Rousseff, who denies breaking the law and condemns the process as a "coup," has paid a heavy price for the recession and a spiralling corruption scandal at state oil giant Petrobras -- which is separate from her impeachment case but has tainted the entire political class.
Interim president Michel Temer is not faring much better.
Booed at the opening ceremony and harangued wherever he went, he stayed out of sight for Sunday's closing celebrations.
But memories of swimming legend Phelps and the "immortal" Bolt will linger after they set the 2016 Olympics alight.
The American swimmer, the Jamaican sprinter and a long lineup of others helped the Games rise above the taint of scandal following the exposure of state-sponsored doping in Russia.
And the hosts got to revel in a priceless moment in the sun on the final full day and fittingly in football. The home men's national team earned its greatest Olympic memory by winning the men's gold medal.
A view of the closing ceremony.
The country celebrated long and loud when Neymar won the penalty shoot-out against Germany to erase memories of their 7-1 World Cup semi-final humiliation in 2014.
Earlier, the glory belonged to Bolt, 29, who made history when he sealed the sprint "triple triple" in his final Games, his third consecutive 100m, 200m and 4x100m sweep.
Bolt, who had said the feat would make him "immortal," was matter-of-fact about his 12 years of Olympic dominance.
"There you go. I'm the greatest," he said.
It was Phelps who set the first week on fire when he took his unmatched career haul to 23 gold medals with another five in Rio before heading into retirement.
Then came Rio standout Katie Ledecky. At the age of 19 she obliterated her own world record in winning the 800m freestyle, uniting the 200m, 400m and 800m titles for the first time since 1968. The American added the 4x200m relay gold as a bonus.
Another 19-year-old newcomer, Simone Biles, dominated the gymnastics arena with her record-equalling four women's gold medals and a bronze at her first Games.
"I'm not the next Usain Bolt or Michael Phelps. I'm the first Simone Biles," she said.
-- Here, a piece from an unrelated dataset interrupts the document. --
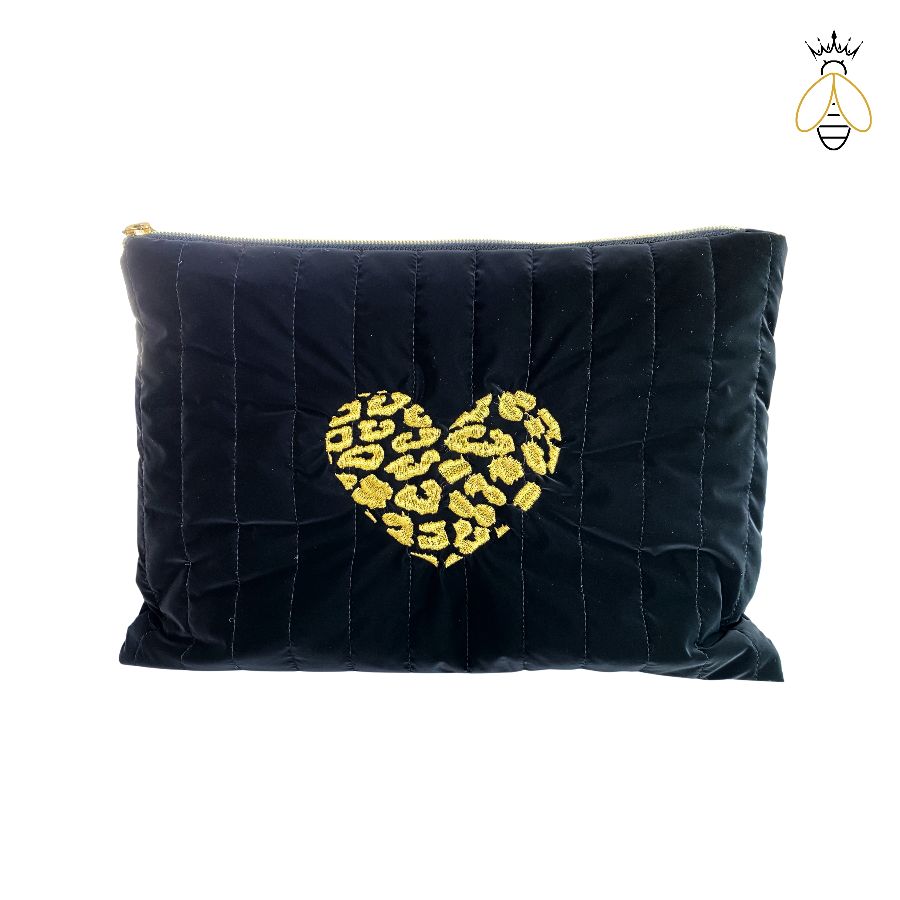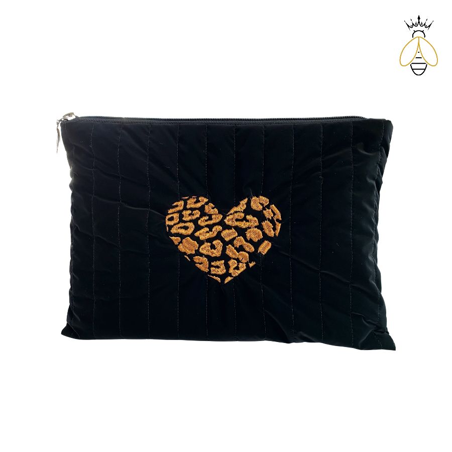 Bu çanta, gold renkteki kalp nakışı ve leopar deseniyle öne çıkıyor. Özel tasarım detayları, çantayı sıradanın ötesine taşıyor. Kapitone kumaşı, çantayı hafif ve taşınması kolay kılarken, iç astarı ise parlak asker deseniyle içerideki detayları keşfetmeye davet ediyor.

A catalogue of outstanding achievements in Rio included Britain's Mo Farah, who captured a "double double" of 5,000m and 10,000m titles.
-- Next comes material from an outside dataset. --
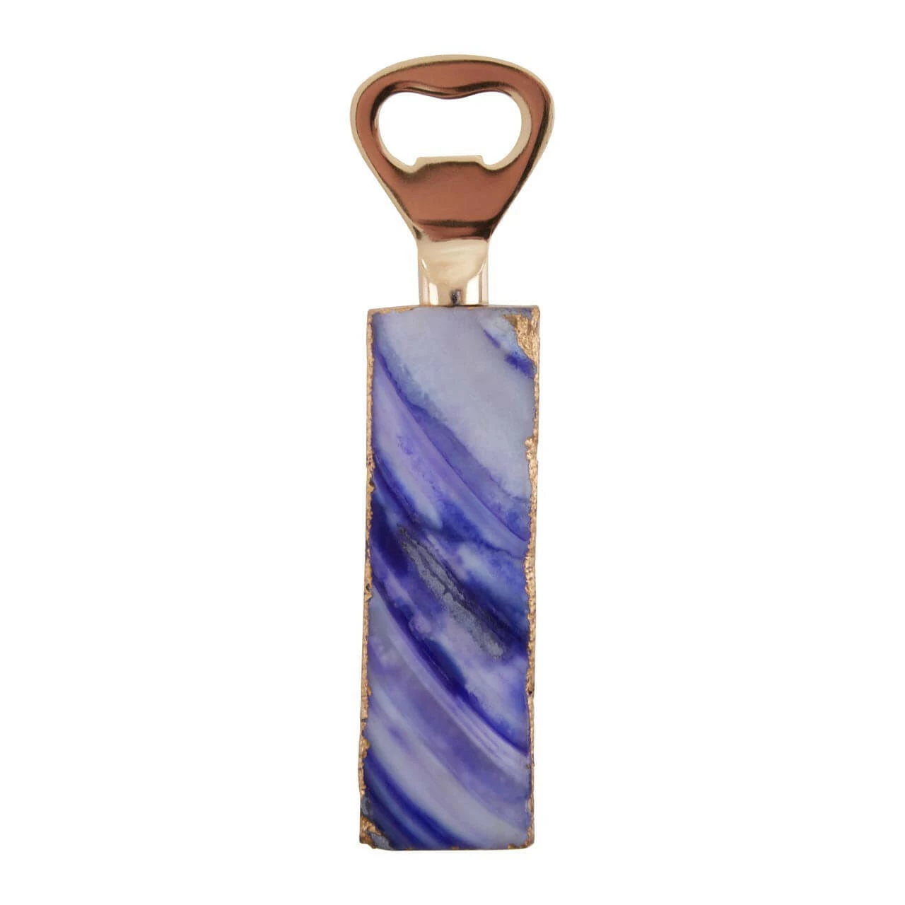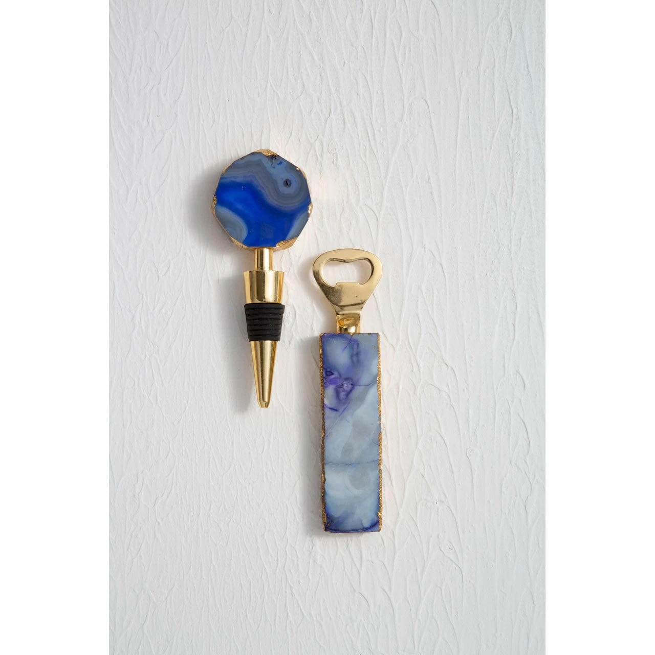 Agata bottle opener is made with stainless steel and its blue geode textured grip has warm metallic edging which gives a luxe accent to barware. It is paired with a stopper having a pointed base with rubber gasket to keep the bottle airtight.

The United States topped the medal standings, matching their 46 golds from London four years ago ahead of Britain, who sealed a surprise second place ahead of China with 27 golds to 26.
Russia -- with around half their team, including the track and field stars, banished from Rio following doping revelations -- finished fourth with 19 golds.
Scandal also struck during the Games as police seized passports, phones and computers in a raid on the Irish Olympic office, following the arrest of Irish International Olympic Committee member Patrick Hickey over an alleged black market tickets scam.